# Evolution of a 50g Planted Tank



## holocron (Mar 12, 2006)

I have had my 50g tank for over a year now and its gone through some serious face lifts.

from a 'beginners luck' tank where I could grow almost everything to a tank with various algae problems that won't gross moss.. My tank has certainly seen its up and downs... here is just a little history..









it all starts Feb 8 '05









probably after a trip to the menagerie March 9th '05









March 14th '05









March 17th '05









March 29th '05









April 12th '05









April 16th '05









April 26th '05









May 16th '05









May 28th '05









July 2nd '05 - the lotus shows up, tiny little thing









August 4th '05









August 16th '05









August 31st '05









Sept 14th '05 - cleared house for a whole new aquascape. to be entered in a contest on APC.









Sept 26th '05









Oct 28th '05









Nov 11 '05









Nov 28th '05 entered in contest.

that was basically it.. my tank was pretty much empty for a couple months and now I have carried on... in another thread.

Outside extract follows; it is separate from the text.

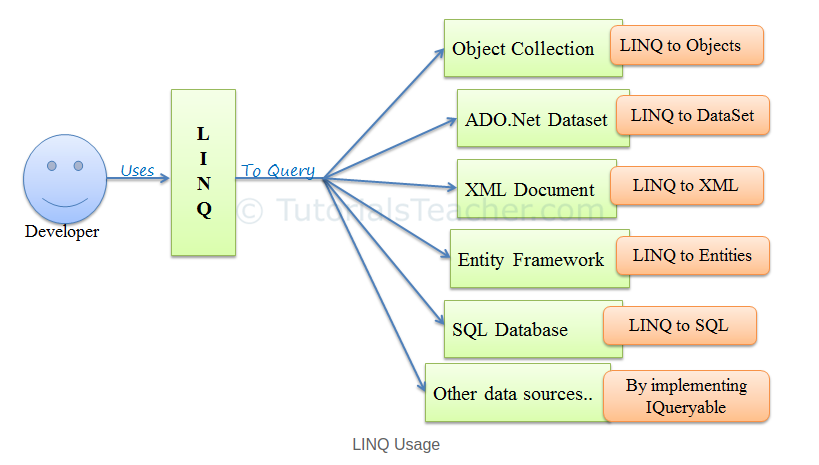 Ví dụ: SQL là Ngôn ngữ truy vấn có cấu trúc được sử dụng để lưu và truy xuất dữ liệu từ cơ sở dữ liệu. Theo cùng một cách, LINQ là một cú pháp truy vấn có cấu trúc được xây dựng trong C # và VB.NET để lấy dữ liệu từ các loại nguồn dữ liệu khác nhau, chẳng hạn như bộ sưu tập, ADO.Net Dataset, XML Docs, dịch vụ web và MS SQL Server và các cơ sở dữ liệu khác.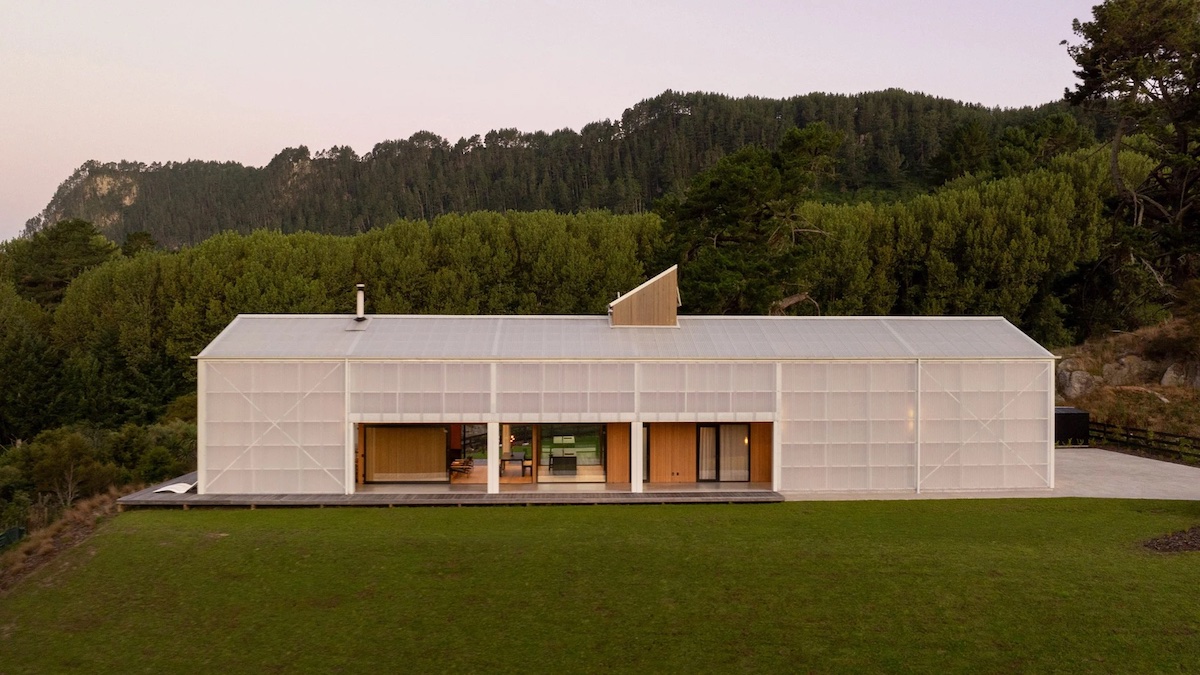 Новозеландська студія DCA Architects of Transformation загорнула заміську дачу на березі озера Факемару в напівпрозору полікарбонатну обгортку. Цей будинок призначено для родини директора студії.

I take to many tank pictures.


----------



## ranmasatome (Mar 14, 2006)

glad to see how its come on ...


----------



## Ciddian (Mar 15, 2006)

I remeber when you got that tank! and how happy you where when your gf upgraded your lighting.......

Aaahhh memories!
Its really cool to see all the changes!


----------



## ranmasatome (Mar 14, 2006)

on a side note.. did you up the number of images allowed in a single post?


----------



## holocron (Mar 12, 2006)

haha you remember well Ciddian! 

I always love these posts.. seeing the transistions etc.

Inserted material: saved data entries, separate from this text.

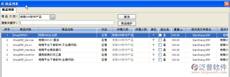 可以根據(jù)商品大類和搜索關(guān)鍵字,查詢要添加的商品。讓后選中要添加的商品,點(diǎn)‘確定’按鈕,就可以了。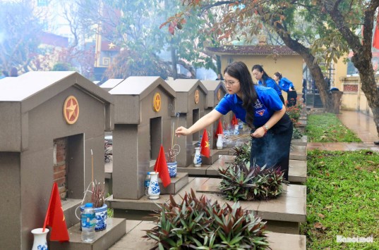 Thế hệ trẻ huyện Thanh Trì dâng hương tưởng niệm các anh hùng liệt sĩ. Ảnh: Quang Thái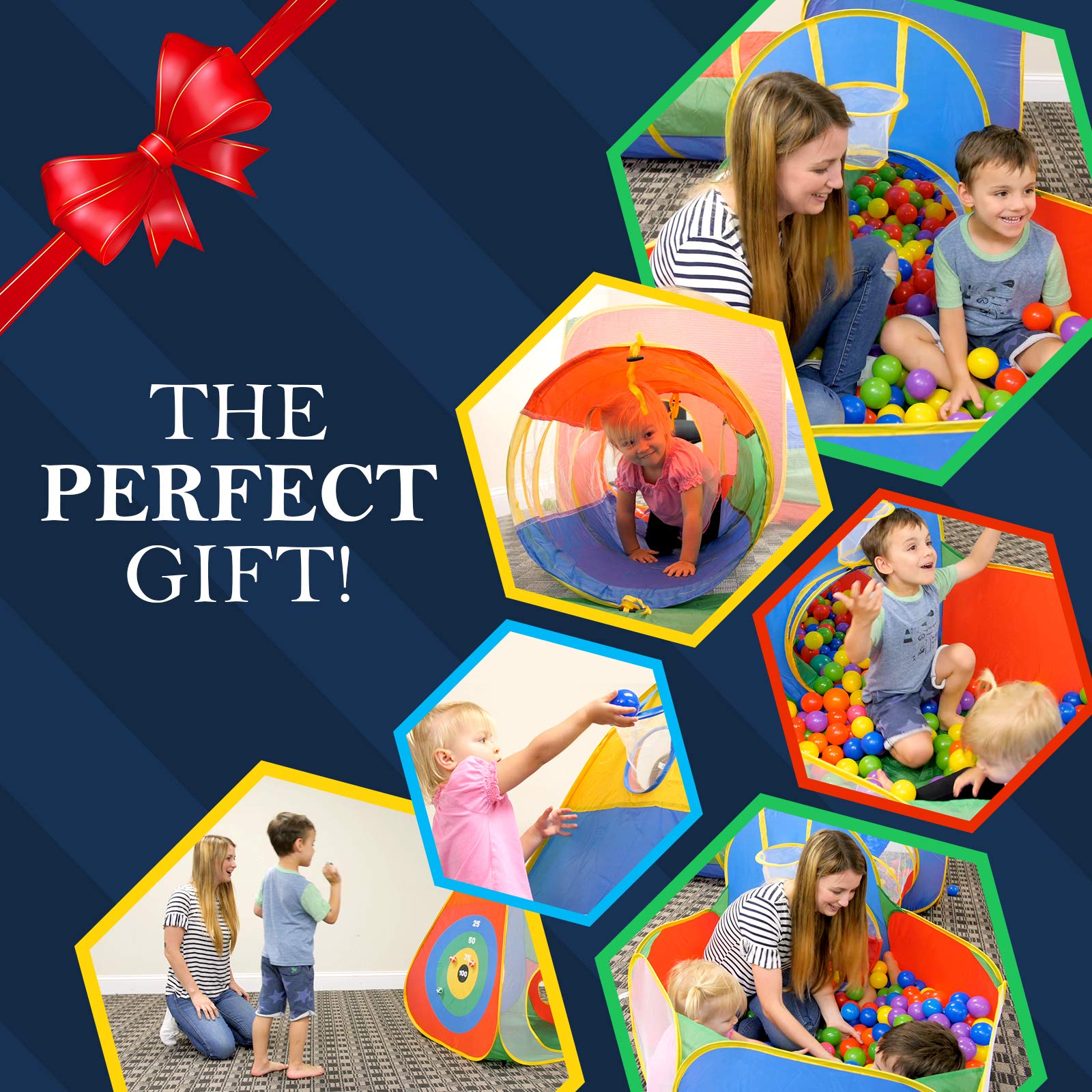 - LOADS OF FUN: This bright vibrant ball pit playhouse obstacle course playset will keep children entertained 4 hours! Super cool TARGET DART WALL (4 Safe Sticky Dart Balls Included) takes the FUN to a whole new level! Toy play set will be enjoyed by kids and parents! Kids can customize many different combination maze options- this play set is fun & exciting! A must for the active child, toddler, cats, dogs! We recommend 400-600 balls depending on the ball size ***BALL PIT BALLS NOT INCLUDED***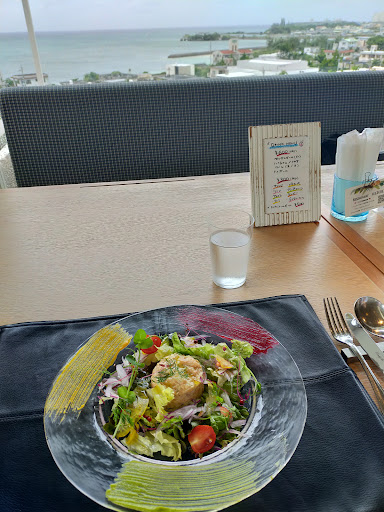 レストランは、奥の壁が全面ガラス張りなので、全ての席で海の景色を楽しめますが、オススメは、ガラス面に近い列の席。壁側に近くなると、どうしても、他のお客様越しの海になるので、予約する際には窓際の席をリザーブしてもらった方がよいかも??

(btw ran, I did, 20 per post now)


----------



## chompy (Mar 24, 2006)

Man you really change that tank alot, instead of throwing all those plants out you should just start anouther tank. The tank keeps looking better every pic though. Keep it up.


----------



## holocron (Mar 12, 2006)

yeah, it's partially an illness.

in the past I sold most of hte plants online. I generally never just toss plants unless they are covered in algae.


----------



## Suzanne (Mar 11, 2006)

what a fabulous odyssey, thanks for sharing


----------



## meow_mix450 (Mar 22, 2006)

Evolution is a great thing isnt it lol I love it

Meow


----------



## holocron (Mar 12, 2006)

I personally just like seeing how things adapt/grow etc. I also like taking pictures of the tank (as you might tell). Figured others might like it too! 

thanks for the comments!


----------